What if he had been stricken suddenly with mortal illness! His face had looked so weary and drawn. She began to cry incoherently, and sank on her knees.

“Lord, forgive me. I am weak and selfish, and I was wicked to-night. Hear the cry of my heart. Bring him to me quickly, or I shall die!”

As the sobs choked her into silence, she sprang to her feet, both hands on her lips to keep back a scream of joy, for she had heard his footstep on the stoop.

The latch clicked, and he was in the hall.

There was a flash of red silk and two white arms were around his neck, her form convulsed with a joy she could not control or try to conceal.

He soothed her as a child, and, as he kissed her tenderly, felt her lips swollen and wet with the salt tears of hours of weeping.

“You will not remember the foolish things I said to-night, dear?” she pleaded. “There, there, I’ll blot them out with kisses—one for every harsh word, and one more for love’s own sake. But you must promise me, Frank, never to leave me like that again.” A sob caught her voice, and her head drooped.

“You may curse me, strike me, do anything but that. Oh, the loneliness, the agony and horror of those hours when I realised you were gone in anger and might not come back to-night—dear, it was too cruel. Such wild thoughts swept my heart! You do forgive me?”

He stooped and kissed her.

“Why ask it, Ruth?”

“I know I am selfish and fretful and wilful,” she said, with a sigh. “I was only a spoiled child of nineteen when you took me by storm, body and soul.

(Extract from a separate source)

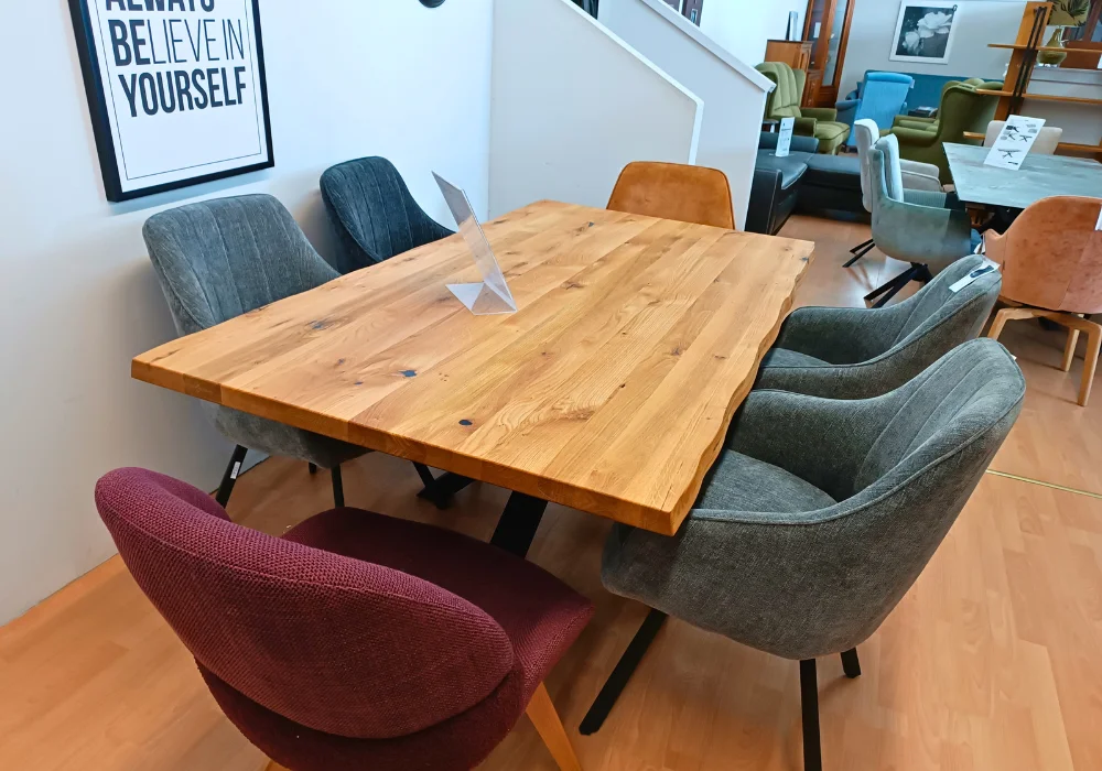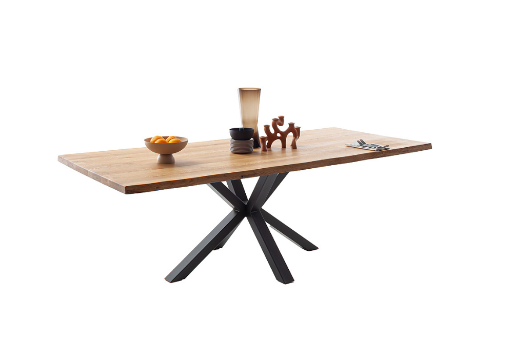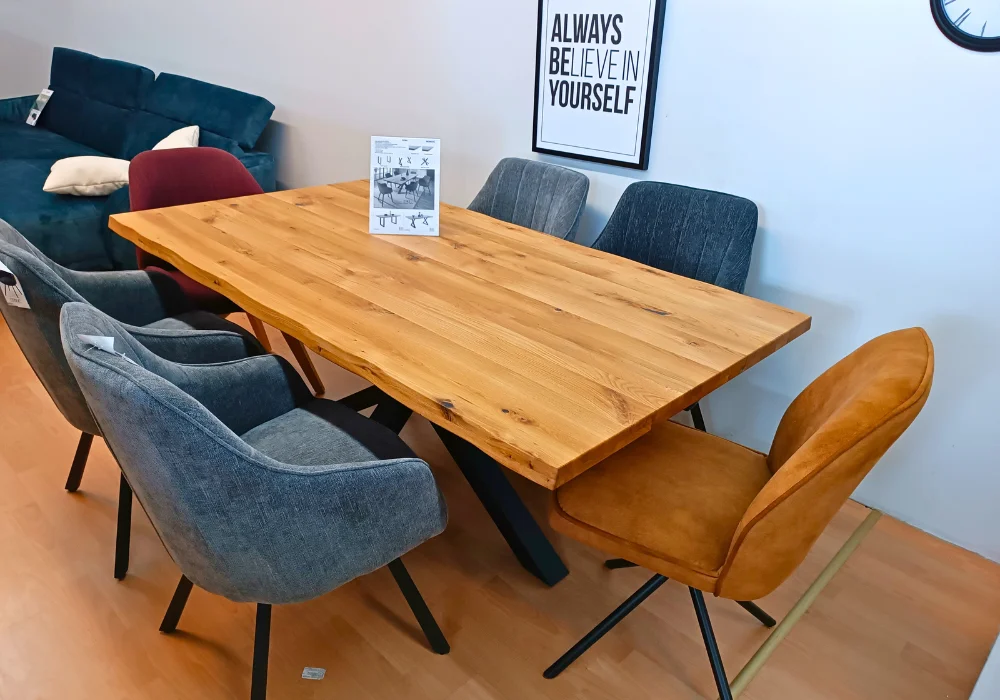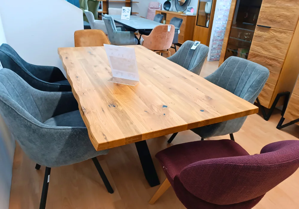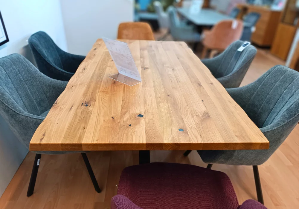 Stół Deba to wyraz wyrazistego stylu i solidnego rzemiosła, zaprojektowany z myślą o nowoczesnych przestrzeniach. Blat wykonany z litego dębu dzikiego zachwyca naturalnym rysunkiem słojów, a jego pogrubiona, 4-centymetrowa krawędź z efektownym, ciosanym wykończeniem podkreśla surowy charakter mebla.

You remember, on our wedding day, when I looked up into your handsome face and the sense of responsibility and joy crushed me for a moment, I cried and begged you, who were so brave and strong, to teach me if I should fail in the least thing? And you promised, dear, so sweetly and tenderly. Do you remember?”

“Yes, I remember,” he slowly answered.

“And now, somehow, you seem to have drawn away from me as though the task had wearied you. Come back closer! When I am foolish you must be wise. You can make of me what you will. You know I am afraid of this Socialism. It seems to open gulfs between us. You read and read, while I can only wait and love. You cannot know the silent agony of that waiting for I know not what tragedy in our lives. Frank, teach and lead me—I will follow. I love you with a love that is deathless. If you will be a Socialist, make me one. Show me there is nothing to fear. I’ve thought marriage meant only self-sacrifice for one’s beloved. I’ve tried to give my very life to you and the children. If I’m making a mistake, show me.”

“I will try, Ruth.”

She ran her tapering fingers through his hair, smiled and sighed.

“How beautiful you are, my dear! I know it is a sin to love any man so. One should only love God like this.”